Asynchronous federal learning privacy protection method, system, medium, equipment and terminal

Technical Field

The invention belongs to the technical field of machine learning safety, and particularly relates to an asynchronous federal learning privacy protection method, system, medium, equipment and terminal.

Background

Federal machine learning, also known as federal learning, is a machine learning framework, and can effectively help a plurality of organizations to perform data use and machine learning modeling on the premise of guaranteeing user privacy, data safety and government regulation requirements. Under the environment of explosive increase of data volume, federal learning is used as a distributed machine learning paradigm, the problem of data island can be effectively solved, and participators can jointly model on the basis of not sharing data, so that the data island is technically broken.

At present, data security in federal learning is mainly realized through a security aggregation protocol, and although the data security is ensured, the conventional federal learning has low concurrency and can cause the problem of low learning efficiency. Furthermore, since the local model update speed of users participating in federal learning is different, and in the traditional federal learning training, each round of aggregation must wait for all the participating users to complete, such model training is difficult and inefficient for syncing federals, which can cause the latter problem, and also can affect the learning efficiency. Therefore, asynchronous federal learning is proposed, however, the characteristics of asynchronous federal learning make it incompatible with security aggregation protocols, so that the problem that privacy and confidentiality of data cannot be guaranteed in asynchronous federal learning still exists at present.

Through the above analysis, the problems and defects of the prior art are as follows: synchronous federal learning has the problems of low concurrency and late concurrency, and the concurrency and training efficiency of federal learning need to be improved through asynchronous learning. The existing scheme tries to improve the privacy protection technology in asynchronous federal learning, but the privacy protection and training efficiency in asynchronous federal learning cannot be well balanced. How to realize privacy protection under the efficient training of asynchronous federal learning and not to influence the effectiveness of a training result is a problem in the federal learning at the present stage.

Disclosure of Invention

Aiming at the problems in the prior art, the invention provides an asynchronous federal learning privacy protection method, system, medium, equipment and terminal, and particularly relates to an asynchronous federal learning privacy protection method, system, medium, equipment and terminal based on safe multi-party computation.

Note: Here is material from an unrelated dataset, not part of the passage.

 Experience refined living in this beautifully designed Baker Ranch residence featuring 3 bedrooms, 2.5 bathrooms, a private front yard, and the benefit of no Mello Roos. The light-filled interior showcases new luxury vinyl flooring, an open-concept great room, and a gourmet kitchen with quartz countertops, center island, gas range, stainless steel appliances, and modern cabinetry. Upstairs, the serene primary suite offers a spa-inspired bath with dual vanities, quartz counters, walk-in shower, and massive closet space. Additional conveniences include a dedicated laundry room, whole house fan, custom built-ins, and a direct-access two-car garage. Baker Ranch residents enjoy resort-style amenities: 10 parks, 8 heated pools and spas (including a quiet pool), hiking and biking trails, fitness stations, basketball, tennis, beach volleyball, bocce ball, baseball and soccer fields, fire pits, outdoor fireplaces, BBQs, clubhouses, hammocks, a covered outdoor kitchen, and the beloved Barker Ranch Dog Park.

In the training of asynchronous federal learning, the invention introduces a weight system for each user participating in the training to improve the training efficiency, and simultaneously provides a verification scheme based on a homomorphic hash function to ensure the safety of the weight system under the active attack adversary.

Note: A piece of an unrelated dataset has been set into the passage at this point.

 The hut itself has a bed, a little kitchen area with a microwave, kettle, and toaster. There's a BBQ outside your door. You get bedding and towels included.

The invention is realized in such a way, and provides an asynchronous federal learning privacy protection method, which comprises the following steps: the invention introduces a weight system in an asynchronous federated learning framework to improve the learning efficiency, and simultaneously provides a verification scheme based on a homomorphic hash function to ensure that the security of the weight system initializes the system and selects random parameters, and discloses a series of parameters and a signature public key; the users participating in training receive the signature private key to generate a signature and a public and private key pair; each user packs the public key and the signature and sends the public key and the signature to the server, and the server packs and broadcasts the user identity information and the public key to other users after checking; after receiving the data, the user generates a sub-secret corresponding to the random parameter and a one-time session key and sends the sub-secret and the one-time session key to the server for broadcasting;

generating a shared key among users and encrypting user information; the information to be encrypted of each user is weighted local information of the user, and the weight is the number of samples held by the user and the staleness attenuation coefficient of the user during training; each user sends the data after the mask is added to a server, and the server aggregates the data to obtain an aggregation result; and the server divides the aggregation result by the total number of the samples held by the users who finally participate in training to obtain the global model.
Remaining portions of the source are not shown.